Nucleotide misincorporation. (a) Nucleotide misincorporation profile at 5′-end of the reads of A. thaliana sample NY1365354. The red line shows an excess of C to T substitutions at the beginning of the read that declines exponentially inwards. (b) C to T percentage at first base (5′-end) as a function of collection year (N = 71). The C to T percentage and the collection year have a linear relationship.

For the infected samples, we also calculated the percentage of C to T substitutions in P. infestans derived reads at first base and found the same signature, although it was weaker than the signal found in their host plant (electronic supplementary material, figure S6).
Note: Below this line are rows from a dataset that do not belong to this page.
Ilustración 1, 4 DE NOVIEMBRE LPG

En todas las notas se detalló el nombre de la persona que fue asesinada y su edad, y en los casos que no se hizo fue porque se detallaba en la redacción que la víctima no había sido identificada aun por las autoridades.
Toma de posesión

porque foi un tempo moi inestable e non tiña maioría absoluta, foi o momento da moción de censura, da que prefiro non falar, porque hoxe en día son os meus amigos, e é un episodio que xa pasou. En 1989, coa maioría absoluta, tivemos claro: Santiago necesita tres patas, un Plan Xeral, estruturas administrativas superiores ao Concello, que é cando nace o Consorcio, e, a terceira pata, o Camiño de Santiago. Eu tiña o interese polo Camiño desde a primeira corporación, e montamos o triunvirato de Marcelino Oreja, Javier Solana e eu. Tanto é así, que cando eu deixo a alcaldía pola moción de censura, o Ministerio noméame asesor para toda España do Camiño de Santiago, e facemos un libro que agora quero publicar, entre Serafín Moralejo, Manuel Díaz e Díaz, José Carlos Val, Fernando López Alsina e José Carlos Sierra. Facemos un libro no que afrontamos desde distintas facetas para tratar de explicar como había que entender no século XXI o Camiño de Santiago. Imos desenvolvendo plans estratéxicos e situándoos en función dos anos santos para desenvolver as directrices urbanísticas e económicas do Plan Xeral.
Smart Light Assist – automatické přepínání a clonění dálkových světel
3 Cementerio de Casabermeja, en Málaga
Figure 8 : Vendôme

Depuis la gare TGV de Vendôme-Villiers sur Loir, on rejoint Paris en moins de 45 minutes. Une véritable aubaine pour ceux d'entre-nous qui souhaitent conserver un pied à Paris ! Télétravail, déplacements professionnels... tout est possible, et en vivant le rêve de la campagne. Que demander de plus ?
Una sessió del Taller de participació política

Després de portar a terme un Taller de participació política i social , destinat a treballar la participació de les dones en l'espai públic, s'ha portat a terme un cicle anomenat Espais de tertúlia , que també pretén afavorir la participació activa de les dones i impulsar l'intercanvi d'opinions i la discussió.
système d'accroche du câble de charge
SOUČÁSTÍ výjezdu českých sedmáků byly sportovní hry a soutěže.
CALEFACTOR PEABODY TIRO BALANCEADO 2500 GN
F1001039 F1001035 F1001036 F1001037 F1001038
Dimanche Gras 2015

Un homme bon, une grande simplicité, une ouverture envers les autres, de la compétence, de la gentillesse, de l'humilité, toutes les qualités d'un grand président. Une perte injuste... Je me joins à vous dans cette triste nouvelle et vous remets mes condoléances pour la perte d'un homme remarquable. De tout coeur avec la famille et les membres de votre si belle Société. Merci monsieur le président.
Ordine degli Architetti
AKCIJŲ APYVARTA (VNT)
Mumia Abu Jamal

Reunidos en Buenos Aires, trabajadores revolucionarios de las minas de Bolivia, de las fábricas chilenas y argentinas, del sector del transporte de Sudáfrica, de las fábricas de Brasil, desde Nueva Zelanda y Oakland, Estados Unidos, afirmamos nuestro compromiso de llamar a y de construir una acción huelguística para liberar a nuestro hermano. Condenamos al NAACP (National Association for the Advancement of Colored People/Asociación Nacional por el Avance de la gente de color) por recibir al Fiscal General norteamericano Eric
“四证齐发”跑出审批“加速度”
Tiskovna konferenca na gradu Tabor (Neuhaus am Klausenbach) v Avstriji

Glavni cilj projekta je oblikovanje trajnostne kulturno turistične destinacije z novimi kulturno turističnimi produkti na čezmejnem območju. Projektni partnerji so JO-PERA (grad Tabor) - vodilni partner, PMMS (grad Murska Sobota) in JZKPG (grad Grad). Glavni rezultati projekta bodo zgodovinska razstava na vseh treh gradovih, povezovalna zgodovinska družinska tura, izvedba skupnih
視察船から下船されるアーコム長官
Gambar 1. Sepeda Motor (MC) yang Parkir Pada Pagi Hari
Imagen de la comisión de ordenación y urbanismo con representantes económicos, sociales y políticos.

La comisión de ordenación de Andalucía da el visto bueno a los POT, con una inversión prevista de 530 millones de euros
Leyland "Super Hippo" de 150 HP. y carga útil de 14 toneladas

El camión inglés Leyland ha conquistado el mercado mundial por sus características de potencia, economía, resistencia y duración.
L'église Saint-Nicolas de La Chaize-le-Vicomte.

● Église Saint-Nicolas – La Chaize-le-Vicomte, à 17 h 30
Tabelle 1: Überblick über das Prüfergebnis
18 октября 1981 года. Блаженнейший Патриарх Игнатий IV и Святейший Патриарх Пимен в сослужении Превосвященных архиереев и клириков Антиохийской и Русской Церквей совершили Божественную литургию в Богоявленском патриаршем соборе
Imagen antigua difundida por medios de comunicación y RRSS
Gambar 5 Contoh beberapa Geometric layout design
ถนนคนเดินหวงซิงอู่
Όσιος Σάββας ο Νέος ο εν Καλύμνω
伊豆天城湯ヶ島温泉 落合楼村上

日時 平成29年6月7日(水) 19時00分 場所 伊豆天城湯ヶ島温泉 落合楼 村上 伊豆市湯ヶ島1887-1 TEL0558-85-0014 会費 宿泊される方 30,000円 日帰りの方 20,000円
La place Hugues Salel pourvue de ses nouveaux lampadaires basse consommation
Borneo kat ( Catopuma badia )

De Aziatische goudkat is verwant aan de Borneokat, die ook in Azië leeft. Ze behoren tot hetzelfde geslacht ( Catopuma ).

2.5. Differences between nuclear- and chloroplast-derived reads

We found that chloroplast-derived reads showed a slightly lower decay rate than the nuclear-derived reads (kchloroplast = 1.29 × 10−4; electronic supplementary material, figure S7a). To test if the two decay rates were different, we performed an ANOVA that showed significant effects of both sample age and origin of DNA (nuclear- or chloroplast-derived) on the rate of bond breaking (λ) (Pr(sample age) = 4.84 × 10−8, Pr(DNA origin) = 0.012; N = 71). However, the effect of DNA origin was very small and there was no significant interaction between sample age and DNA origin (Pr(Sample age : DNA origin) = 0.46; N = 71). This indicates that the slopes of the two regressions, which correspond to the decay rate k, do not differ significantly.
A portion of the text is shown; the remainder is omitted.